The February Plan costs included approximately $3.0 million in cash payments under existing employment, severance and other arrangements and approximately $0.9 million in stock-based compensation expense associated with the acceleration of previously issued equity awards. These costs and expenses will be recorded during the first quarter of 2013, in addition to other RailAmerica acquisition-related expenses.
GWI expects that the February Plan will result in a net reduction of RailAmerica's annual compensation and benefit expenses of approximately $3.0 million after taking into account a new GWI employee to replace one of the severed employees. This reduction is in addition to reductions under the December Plan and the January Plan.
In addition, GWI continues to evaluate the additional consolidation of certain administrative and back office functions, including as a result of the contemplated closure of the RailAmerica headquarters in Jacksonville, Florida.
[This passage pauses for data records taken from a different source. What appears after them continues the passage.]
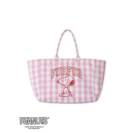 「スヌーピー」とのコラボアイテム。フロントにはスヌーピーのプリントを大胆にあしらったトレンドライクなビッグサイズのトートバッグ。マチを広く取っているため大容量の収納力があり、旅行やレジャーシーンにも便利なトートバッグです。
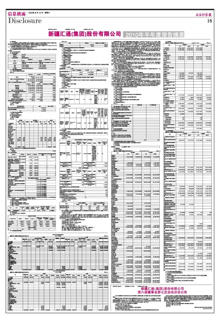 新疆汇通(集团)股份有限公司第六届董事会第七次会议于2010年8月2日以传真、电子邮件方式发出会议通知,2010年8月12日在乌鲁木齐市召开会议,会议应到董事7人,实到董事7人。公司监事和高级管理人员列席了会议,会议由董事长宋小刚先生主持。会议召开符合《公司法》和《公司章程》的有关规定。经过认真审议,会议以记名投票表决方式通过了如下决议:
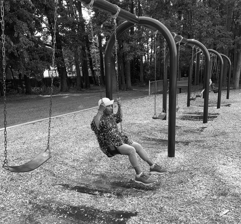 We spent many early mornings, before the heat became too unbearable, walking in several of our beautiful parks. It was fun watching Mom get on the swing above and become carried away with the back and forth motion that brings excitement and thrills to millions of kids of all ages. Bustey also had many opportunities to explore numerous terrains and never failed to take me off the beaten path to create new experiences for us.

Forward Looking Statements
Some of the statements included in this Form 8-K, particularly projections as to the timing of the anticipated severance and related costs and expenses, are forward-looking statements. Forward-looking statements are based on management's best estimates, assumptions and projections and are subject to significant uncertainties. Actual results and the timing of events may differ materially from those projected in the forward-looking statements due to numerous factors, including, without limitation, the impact of external conditions, the actual number of employees severed, the benefits ultimately payable under GWI's and RailAmerica's severance programs and unanticipated charges not currently contemplated that may occur in connection with the acquisition of RailAmerica. GWI undertakes no obligation to update any forward-looking statements in this Form 8-K as a result of future events, new information or otherwise. For a detailed discussion of the general risk factors that could affect GWI results, please refer to the risk factors and cautionary statements identified in GWI's periodic reports, as filed with the Securities and Exchange Commission.
Genesee & Wyoming Inc.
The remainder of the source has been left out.